Guto Harri has suggested the MPs who pronounced Boris Johnson misled parliament have deprived him of a livelihood.
Appearing on BBC Question Time, Harri, a former Johnson aide, indicated he thought the privileges committee was not “beyond reproach”, citing the fact one-time Labour leader chaired the group.
Harri argued the “quasi-judicial process” was beyond the remit of the Commons – a talking point put forward by a number of Johnson loyalists.
But this has been countered repeatedly by the argument that the Conservative Party holds a majority of MPs on the committee, and Johnson has been represented by Lord Pannick, one of the country’s leading lawyers, at the public’s expense.
On Thursday, the privileges committee found Johnson deliberately misled parliament over partygate.
It recommended a 90-day suspension for the ex-prime minister, which he will escape after resigning as an MP, and said he should not receive a pass granting access to parliament which is normally given to former members.
Johnson has been making serious money from speeches since being forced out of Downing Street last year – with one entry in the register of members’ interests in February stating he was paid almost £2.5 million for speeches he hadn’t even made yet.

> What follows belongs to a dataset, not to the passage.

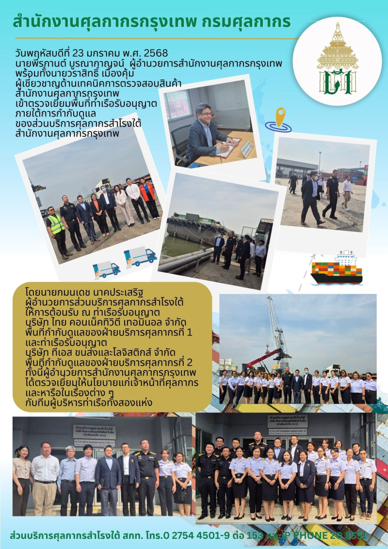เมื่อวันที่ 23 มกราคม 2568 นายพีรกานต์ บูรณากาญจน์ ผู้อำนวยการสำนักงานศุลกากรกรุงเทพ พร้อมทั้งนายวราสิทธิ์ เมืองคุ้ม

Question Time’s first debate on Thursday was over whether Johnson’s political career was “dead and buried”.
Harri said: “If you can deprive people of their livelihood, you need to be beyond reproach.
“And the idea that the former leader of the Laboor party can decide essentially on the process and the outcome that drives out a Conservative prime minister from parliament for me, whether you like Boris or not, does not look like due process.”
On the panel, SNP MP David Linden claimed Johnson has voted just three times in the Commons and earned £5 million since he left office. “Boris Johnson probably isn’t going to go hungry as a result of leaving parliament,” he added.
It’s the latest defence of Johnson from loyalists.
Lord Stewart Jackson, a former Conservative MP and another ally of Johnson, suggested the devastating report is “revenge for Brexit”.
Conservative MP Brendan Clarke-Smith told the BBC that the report was “vindictive, spiteful and an over-reach”, adding: “90 days and taking their pass off them is the equivalent of putting somebody in the stocks and touring them round the country.”
Former Cabinet minister Simon Clarke said “this punishment is absolutely extraordinary to the point of sheer vindictiveness”.
Johnson was said to have deliberately misled MPs with his partygate denials and accused of being complicit in a campaign of abuse and intimidation, with the former prime minister hitting out at the “deranged conclusion”.